* [Work item]
In the copy, keep every line below as it is and leave out the pictures.

* [Supplied data]
Start of Block

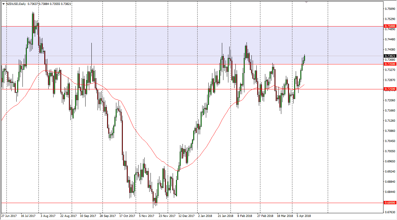 The New Zealand dollar has rallied a bit during the trading session on Thursday, as we continue to see buyers jump into this market. I believe that the 0.74 level will be targeted, and then eventually we could see a move towards the 0.75 above there. I think that short-term pullback should offer buying opportunities, with the 0.7250 level offering a bit of a floor. I think this market continues to be very noisy and driven by what is going on as far as risk appetite is concerned. Pay attention the stock markets, and if they continue to rally it should send this market higher. Other than that, commodity markets have their usual influence on the New Zealand dollar as well, so if they rise, we should see strength here also.
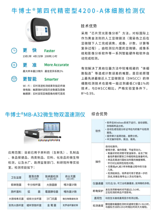 牛博士®第四代精密型體細(xì)胞檢測(cè)儀,其前身是明星產(chǎn)品牛博士®Ⅲ型體細(xì)胞檢測(cè)儀,是檢測(cè)原奶質(zhì)量安全的******選擇;牛博士®MB-A32微生物雙溫速測(cè)儀,其檢測(cè)范圍廣:菌落總數(shù)、商業(yè)無(wú)菌、霉菌酵母菌、大腸桿菌、腸桿菌科、嗜冷菌計(jì)數(shù)等。產(chǎn)品1+1組合是實(shí)驗(yàn)室******組合。
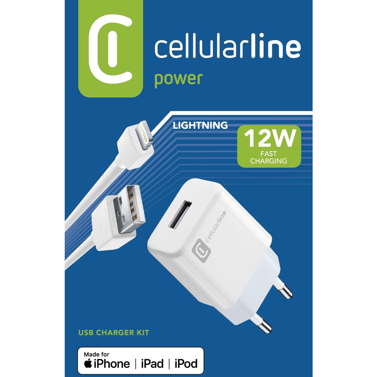 USB CHARGER KIT ULTRA est le chargeur secteur pour dispositifs Apple qui, grâce aux 12W en sortie, permet de charger rapidement et en toute sécurité tous les iPad.Le câble de 100cm USB vers Lightning, fourni, permet la charge et le transfert de données.Il n’existe aucun type d’accord, de licence ou de lien entre CellularlineS.p.A. et les entreprises propriétaires des marques et des noms indiqués dans les textes et sur les images de la présente page Internet. Toutes les marques ainsi que tous les noms et modèles de téléphones portables sont la propriété de leurs titulaires respectifs.

End of Block

* [Reply]
 The New Zealand dollar has rallied a bit during the trading session on Thursday, as we continue to see buyers jump into this market. I believe that the 0.74 level will be targeted, and then eventually we could see a move towards the 0.75 above there. I think that short-term pullback should offer buying opportunities, with the 0.7250 level offering a bit of a floor. I think this market continues to be very noisy and driven by what is going on as far as risk appetite is concerned. Pay attention the stock markets, and if they continue to rally it should send this market higher. Other than that, commodity markets have their usual influence on the New Zealand dollar as well, so if they rise, we should see strength here also.
 牛博士®第四代精密型體細(xì)胞檢測(cè)儀,其前身是明星產(chǎn)品牛博士®Ⅲ型體細(xì)胞檢測(cè)儀,是檢測(cè)原奶質(zhì)量安全的******選擇;牛博士®MB-A32微生物雙溫速測(cè)儀,其檢測(cè)范圍廣:菌落總數(shù)、商業(yè)無(wú)菌、霉菌酵母菌、大腸桿菌、腸桿菌科、嗜冷菌計(jì)數(shù)等。產(chǎn)品1+1組合是實(shí)驗(yàn)室******組合。
 USB CHARGER KIT ULTRA est le chargeur secteur pour dispositifs Apple qui, grâce aux 12W en sortie, permet de charger rapidement et en toute sécurité tous les iPad.Le câble de 100cm USB vers Lightning, fourni, permet la charge et le transfert de données.Il n’existe aucun type d’accord, de licence ou de lien entre CellularlineS.p.A. et les entreprises propriétaires des marques et des noms indiqués dans les textes et sur les images de la présente page Internet. Toutes les marques ainsi que tous les noms et modèles de téléphones portables sont la propriété de leurs titulaires respectifs.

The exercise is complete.